Furthermore, inhibition of DNA-PK activity resulted in excellent tumor suppression. We found that a high concentration of NU-7441 (a DNA-PK selective inhibitor) showed great tumor inhibitory effects (Fig. 5g-h). A high concentration of NU-7441 also resulted in a significant increase in T cell recruitment compared to the control (Fig. 5i), which activated the immune system, thus killing cancer cells effectively (Fig. 5j). We explored that hsa_circ_0136666 functioned as a miR-375 sponge to prevent miRNAs from degrading target genes, thus enabling DNA-PK to exert a pro-oncogenic effect, leading to the occurrence of immune escape.

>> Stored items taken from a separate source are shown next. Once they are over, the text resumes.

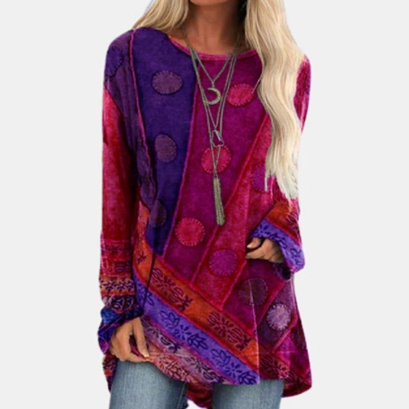 Ta jesienno-zimowa koszulka łączy w sobie styl etniczny i elementy retro, z unikalnymi wzorami i stylami projektowania, ukazując wyjątkowe wyczucie mody.
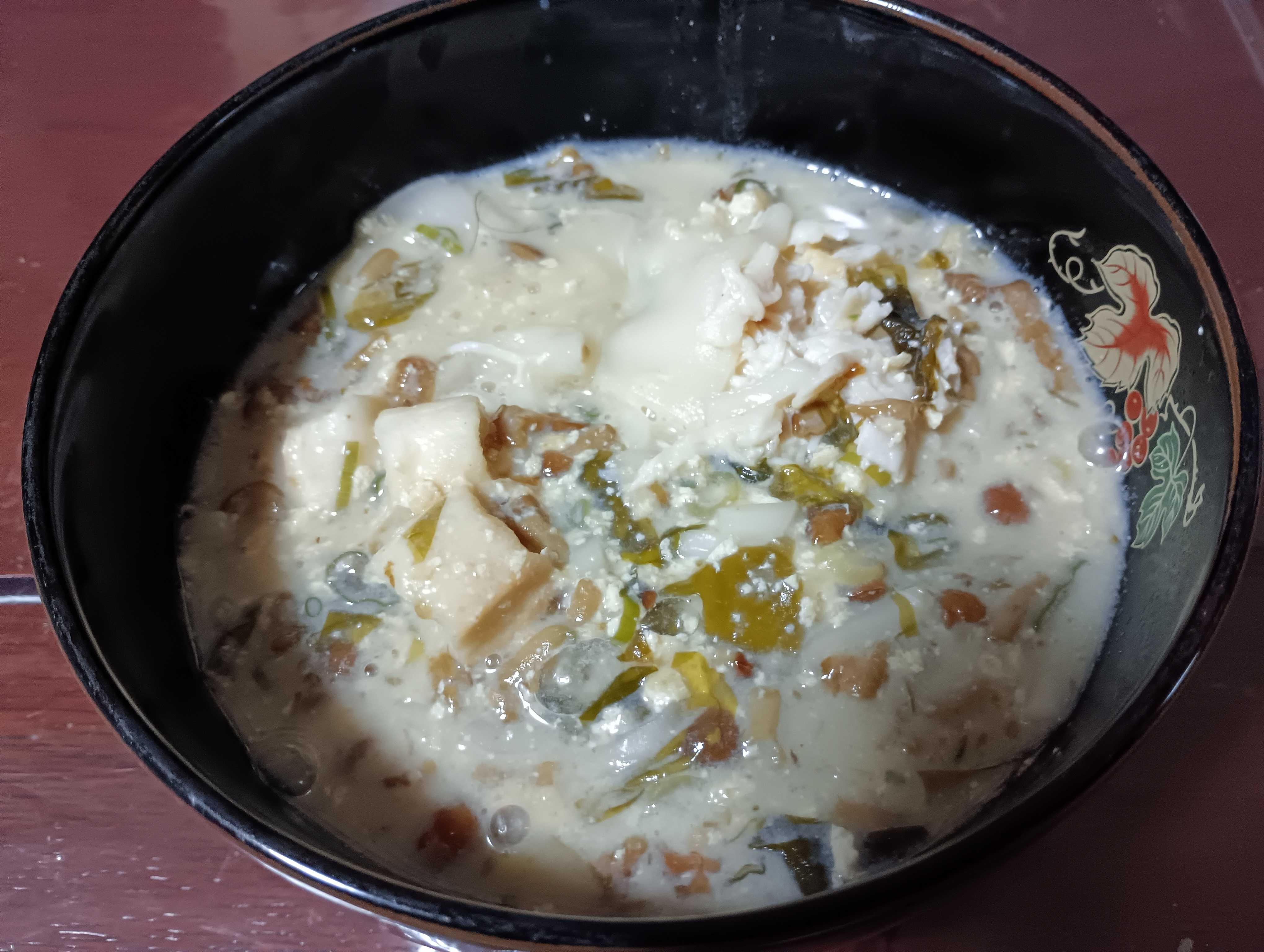 豆乳うどん。見た目はイマイチでも味は悪くなかった🍲
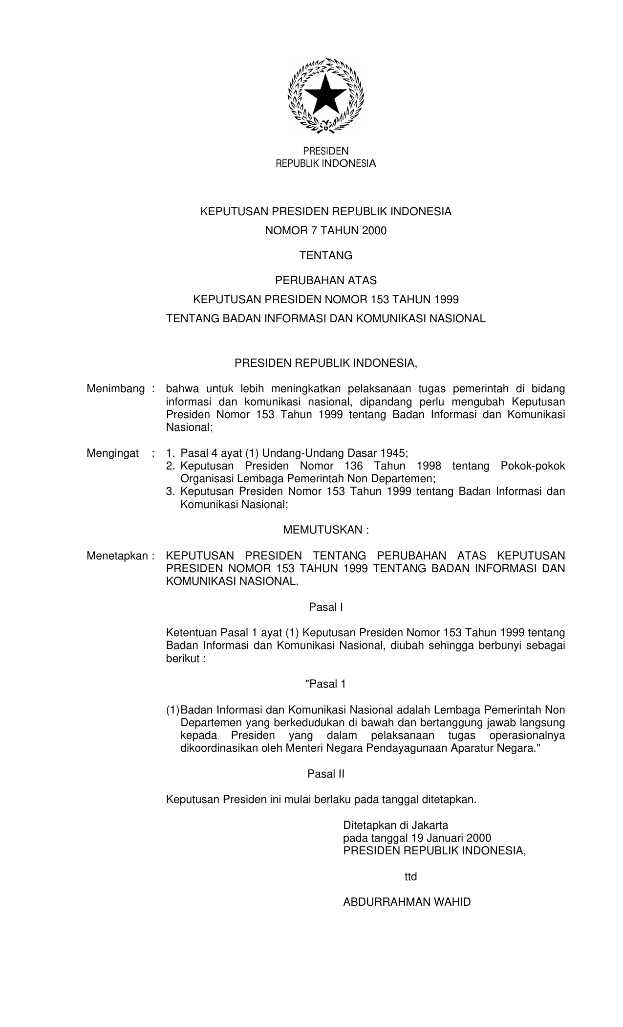 KEPPRES Nomor 7 Tahun 2000 | Keputusan Presiden Nomor 7 Tahun 2000 tentang PERUBAHAN KEPPRES 153-1999 TENTANG BADAN INFORMASI DAN KOMUNIKASI NASIONAL
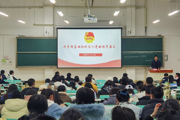 首先,万代林向同学们介绍了共青团的性质和职能,生动讲述了共青团的光辉历史,从诞生到蓬勃发展、再到如今的辉煌,将共青团的发展历程完整呈现。紧接着,万代林又对团旗、团徽、团员证、团歌及入团誓词等方面详细介绍共青团的基本知识。然后,万代林详细的介绍了入党的相关程序和基本要求。最后,万代林希望团员青年要在大学期间扎实理论基础和专业本领、坚定理性信念、提高自身素养。
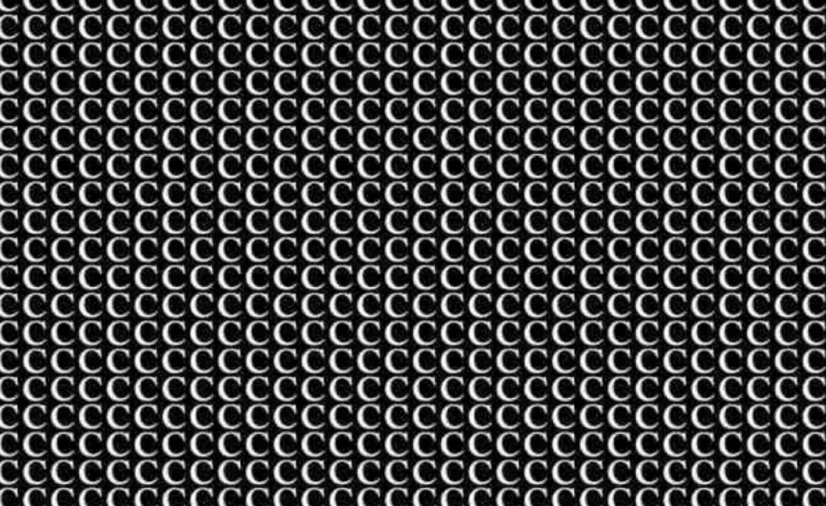 Med množico črk “C” se skriva ena sama črka “G”. Ta optična iluzija preizkuša vašo pozornost do podrobnosti in hitrost zaznavanja. Ključ je v tem, da ne gledate na celoto, temveč sistematično preiskujete vsak del slike.

Protein kinase DNA-PK drives PD-L1 T20T22 dual-site phosphorylation to mediate protein stabilization
We found a strong association between PRKDC and the immune checkpoint PD-L1 through previous experiments. Next, we proposed the hypothesis that protein kinase may directly bind to and phosphorylate PD-L1, mediate PD-L1 protein stability upregulation, and thereby enrich for and promote tumor immune escape. To this end, we first performed endogenous validation in tumor cells. PD-L1 protein can be pulled down using DNA-PK (mAb) and vice versa (Fig. 6a). In HEK-293 T cells transfected with hsa_circ_0136666 or miR-375 mimics, we were able to observe a striking increase in pull-down proteins with upregulation of DNA-PK (Fig. 6b-c). It was also intuitive by immunofluorescence that DNA-PK colocalizes locally with PD-L1 in the cytoplasm (Fig. 6d).
Considering that DNA-PK belongs to the PI3K kinase superfamily, we asked whether PRKDC directly phosphorylates PD-L1. Through rescue experiments, we found that the addition of hsa_circ_0136666 resulted in the upregulation of PD-L1 phosphorylation, and miR-375 could partially eliminate this up-regulation (Fig. 6e). NU-7441 can inhibit DNA-PK kinase activity, and we also found that PD-L1 expression was inhibited by NU-7441 (Fig. 6f).
After verifying that DNA-PK directly binds to PD-L1, we further demonstrated that DNA-PK drives PD-L1 phosphorylation. We resorted to mass spectrometry analysis after DNA-PK antibody pull-down in HEK-293 T cells, and by modification mass spectrometry analysis, we found seven potential PD-L1 phosphorylation sites (Supplementary Fig. 6a). To confirm that there are potential sites of PD-L1 phosphorylation by DNA-PK, we mutated these seven sites and examined the phosphorylated proteins using an isolated gel in the phosbind acrylamide configuration. We have identified two sites (T20, T22) where the phosphorylated protein levels were significantly downregulated (Fig. 6g). In contrast, the levels of phosphorylated proteins were upregulated upon keeping only a single site unmutated (Fig. 6h). Moreover, PD-L1 double phosphorylation site (T20AT22A) mutations downregulated PD-L1 phosphorylation more than single site mutation at MKN-45 hsa_circ_0136666 overexpressing cell (Fig. 6i-j). And PD-L1 was less stable than the wild-type protein and degraded more within 6 h under CHX treatment (Fig. 6k-l). Clinical data also supported the extremely high positive correlation of DNA-PK and PD-L1 in mixed gastric adenocarcinoma tissue samples (Fig. 6m).
In summary, we found direct binding and colocalization of the protein kinase DNA-PK with PD-L1. DNA-PK phosphorylated PD-L1 at the T20T22 double site, making PD-L1 less susceptible to degradation and elevating PD-L1 protein stabilization, with aggregation of PD-L1 to promote immune dysregulation.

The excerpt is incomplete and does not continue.